By Melquiades Avila.
Warao female artisans, with facemask and their handicrafts on their backs, violated the confinement and took to the road in search of exchange of their products for food.
The reaction is provoked by the hunger that affects the indigenous families by the prolonged isolation due to the sanitary measures imposed by the Venezuelan authorities to prevent COVID-19.
Several sources confirmed that Warao families are in a critical situation in the communities located 20 kilometers from Tucupita. Waraos said to belong to ethnic groups displaced from their original communities. They also suffer health problems in their communities like HIV and malaria and severe shortages and unemployment.
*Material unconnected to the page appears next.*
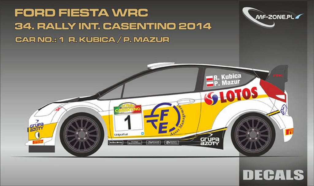 DECALS 1/43 FORD FIESTA WRC – #1 – KUBICA – RALLYE INTER CASENTINO 2014 – D43338

You must read Warao native Venezuelans are dying of hunger: chieftains.
National Assembly lawmaker, and member of the Commission of Indigenous People, Larissa Gonzalez, said that “the Warao communities of the Delta are without water, without electricity, without schools. Hunger hits the children, women, and adults under the indolence gaze of the government,” she said.
The deputy described this situation as critical due to the isolation and also the health, food, and education deficiencies, which force them to abandon their communities.
Euclides Hernandez, a member of the Warao artisans association, says there is a collapse in the marketing of handcrafts due to the mandatory quarantine. “No artisan can reach the center of the city, which is why hunger is taking hold of Waraos families,” said Hernandez.
In the state of Delta Amacuro, the lack of transportation and the restriction of movement due to the lockdown harms the exchange and primary commercialization of 120 indigenous communities in the lower Delta and Pedernales, which means hunger, desolation, and misery in the most vulnerable communities in the area.